## Source data
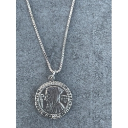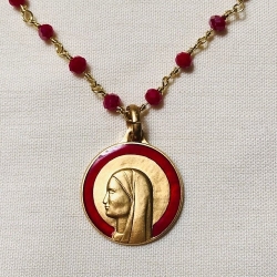 Virgin of the Lilies Medal made in France $49.95 |  Virgin of the Stars Medal on Matching Chain $52.00 |  Virgin of the Stars Beige Medal on 27" Chain $52.00 |  Virgin Mary w/ Lilies Sterling Silver French Medal $38.00 |
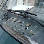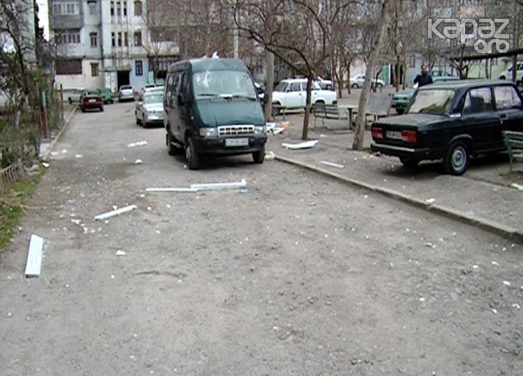 Partlayışın gücündən qopan ayna-qapı bina önündə dayanan avtomobillərə də ziyan vurub.
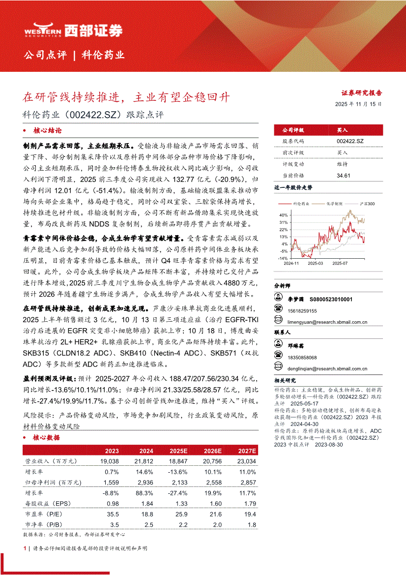 科伦药业:西部证券-科伦药业-002422-跟踪点评:在研管线持续推进,主业有望企稳回升-251115
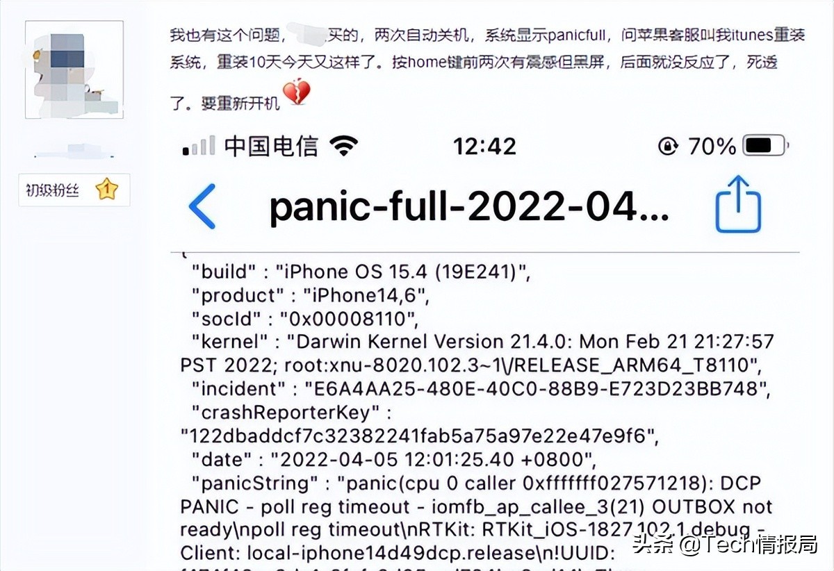 不仅仅是个例,同样在其他论坛上也有众多用户反馈称也遇到了相同状况。两次自动关机后手机界面会出现一连串的“panic full”代码报错,即便是通过询问苹果客服后重装iOS系统也一样无法解决。
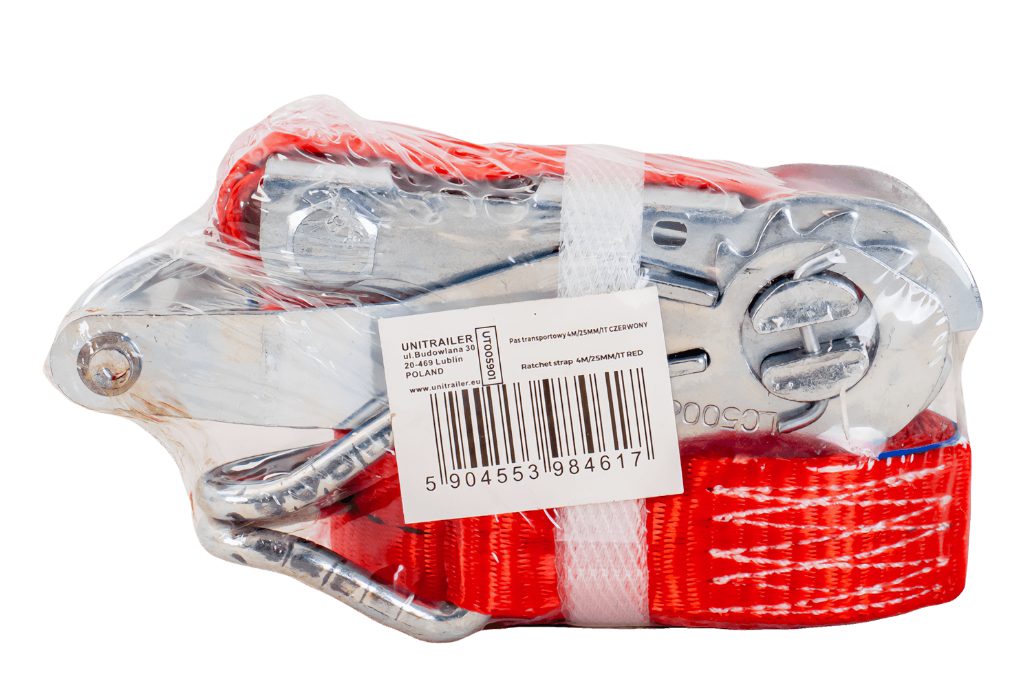 - La sangle de transport rouge UNITRAILER, d'une résistance de 1 tonne, garantit une fixation et une sécurisation sûres de la charge pendant le transport. Une sangle de 4 mètres de long et 25 mm de large offre une surface de pression optimale.

## Description of the task
Every entry above should be restated word for word, with the images left out.

## Output below
 Virgin of the Lilies Medal made in France $49.95 |  Virgin of the Stars Medal on Matching Chain $52.00 |  Virgin of the Stars Beige Medal on 27" Chain $52.00 |  Virgin Mary w/ Lilies Sterling Silver French Medal $38.00 |
 Partlayışın gücündən qopan ayna-qapı bina önündə dayanan avtomobillərə də ziyan vurub.
 科伦药业:西部证券-科伦药业-002422-跟踪点评:在研管线持续推进,主业有望企稳回升-251115
 不仅仅是个例,同样在其他论坛上也有众多用户反馈称也遇到了相同状况。两次自动关机后手机界面会出现一连串的“panic full”代码报错,即便是通过询问苹果客服后重装iOS系统也一样无法解决。
 - La sangle de transport rouge UNITRAILER, d'une résistance de 1 tonne, garantit une fixation et une sécurisation sûres de la charge pendant le transport. Une sangle de 4 mètres de long et 25 mm de large offre une surface de pression optimale.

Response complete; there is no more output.